An exact copy is required of the lines running from the one that contains "Согласно НК РФ" to the end of the material, both ends included, with pictures omitted.

GIVEN DATA:
- - -

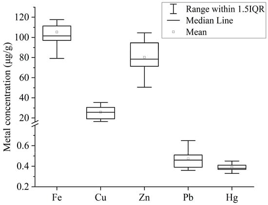 The Provisional Tolerable Weekly Intake (PTWI) set by the Joint Expert Committee on Food Additives (JECFA, 1.6 µg/kg) and the National Research Council (NCR, 0.7 µg/kg) of the United States was used to calculate the exposure level to human health []. Male and female average body weights in Bangladesh were judged to be 55.2 kg and 49.8 kg, respectively, and each person consumes 62.58 g of fish every day on average.
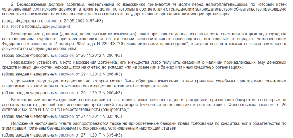 Согласно НК РФ дебиторская задолженность признается безнадежной, если хотя бы одно из перечисленных ниже условий выполняется (НК РФ, ст. 266-2):
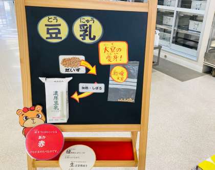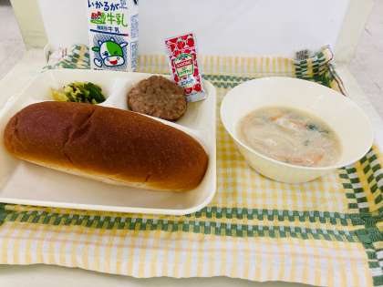 今日の献立は「焼きハンバーグ、豆乳スープ、キャベツとピーマンのカレーソテー、黒糖パン、牛乳」でした。豆乳の原材料は大豆です。大豆を水につけてからすりつぶし、加熱してしぼった汁が豆乳です。
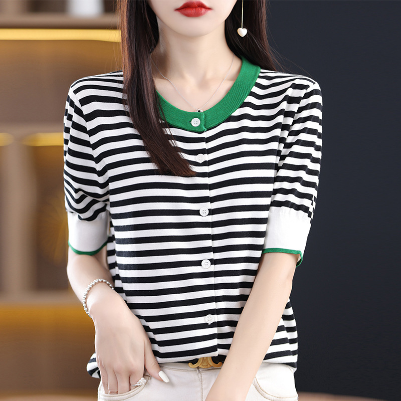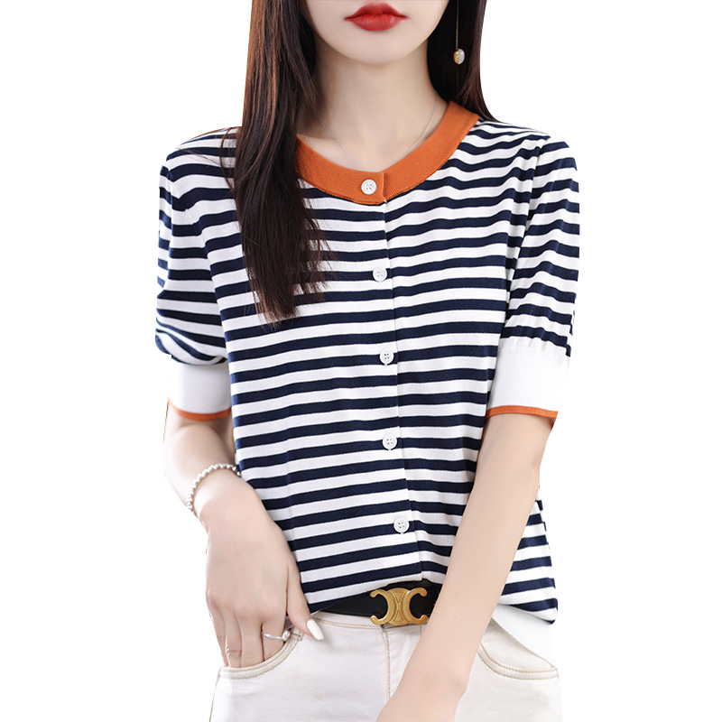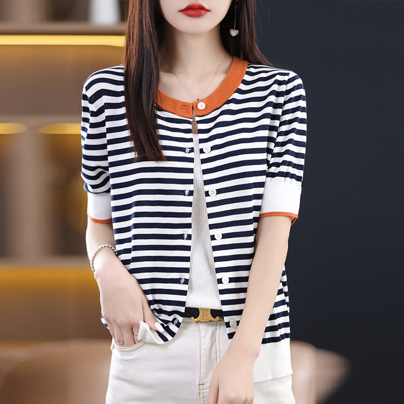 Style Small Fragrant Style Striped Contrasting Sky Silk Sweater For Women Thin Round Neck Short Sleeve Outer Cardigan Women's Top Cover

- - -

ANSWER:
 Согласно НК РФ дебиторская задолженность признается безнадежной, если хотя бы одно из перечисленных ниже условий выполняется (НК РФ, ст. 266-2):
 今日の献立は「焼きハンバーグ、豆乳スープ、キャベツとピーマンのカレーソテー、黒糖パン、牛乳」でした。豆乳の原材料は大豆です。大豆を水につけてからすりつぶし、加熱してしぼった汁が豆乳です。
 Style Small Fragrant Style Striped Contrasting Sky Silk Sweater For Women Thin Round Neck Short Sleeve Outer Cardigan Women's Top Cover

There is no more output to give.